Thrombelestography (TEG) has been used in rodent models to evaluate the individual components of coagulation.12 Therefore, platelet function was determined by utilizing a TEG-derived platelet function assay - PlateletMapping™.13 Briefly, a 900 µl blood sample was collected in a vial containing 100 µl of 0.3% heparin or 100 µl of 4% citrate. Next, 360 µl of the blood sample was placed into the pre-warmed cup of the TEG analyzer containing 10µl of the prepared activator (Reptilase, Factor XIII, and phospholipids). Next, 10µl of either prepared arachidonic acid (AA) or adenosine diphosphate (ADP) was added as a platelet agonist, and AA (MAAA) an ADP (MAADP) tracings were generated. To determine the independent fibrin contribution to the clot, the activator solution was added to 360 µl of heparinized blood (MAFibrin). The maximum hemostatic activity (MAThrombin) was measured using a kaolin activated whole blood sample collected in citrate, rather than heparin. The citrated whole blood sample was inverted gently 5 times and set on its side, undisturbed, for 30 min. Samples were analyzed within 2 hours of blood sample collection. The percent platelet inhibition in response to either the ADP or AA agonist was calculated using the following equation: 100 − [(MAADP/AA − MAFibrin)/ (MAThrombin ™ MAFibrin) × 100].

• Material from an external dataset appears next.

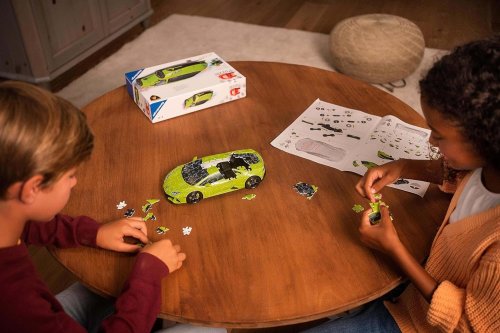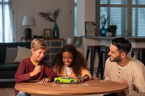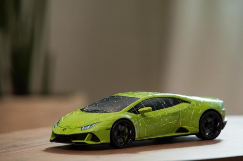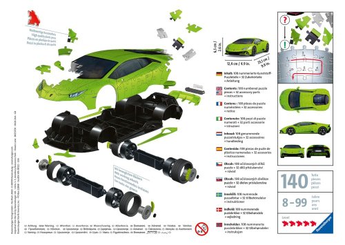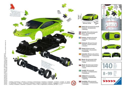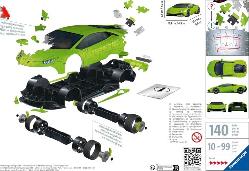Radi by ste mali vlastný Lamborghini? Postavte si športiak Lamborghini Huracán Evo, ktorý je dokonalým spojením technológie a designu. Farebný 3D model v zelenej farbe a pohyblivými kolesami je replikou skutočného automobilu v mierke 1:18. Špeciálne zakrivené dieliky presne zapadnú na svoje miesto a umožňujú postaviť fascinujúci model. Dieliky vyrobené z pevného plastu zaručia vynikajúcu stabilitu, a celý model drží bez nutnosti lepenia. Vďaka originálnym doplnkovým dielikom budú Váš model všetci obdivovať. 3D puzzle RAVENSBURGER je možné skladať podľa motívu (obtiažnejší variant) alebo podľa praktického číslovania na zadnej strane dielikov. Balenie obsahuje: 108 očíslovaných dielikov puzzle, 32 dielov príslušenstva a návod.

Following pentobarbital euthanasia, a BAL was performed through the tracheotomy tube. Normal saline (5 ml) was injected into the trachea, aspirated, and collected. This procedure was repeated three times. The return of bronchoalveolar lavage fluid (BALF) was consistently greater than 12 mL. The BAL fluid was frozen, and stored at −80°C until the assay was performed. The Pierce BCA protein assay kit (Thermo Scientific) was used to measure BAL protein, reflecting lung vascular permeability. The assay was performed per the manufacturers instructions, and the absorbance at 562 nm was then measured using a spectrophotometer (Molecular Devices Corp, Sunnyvale, CA) to determine the protein concentration.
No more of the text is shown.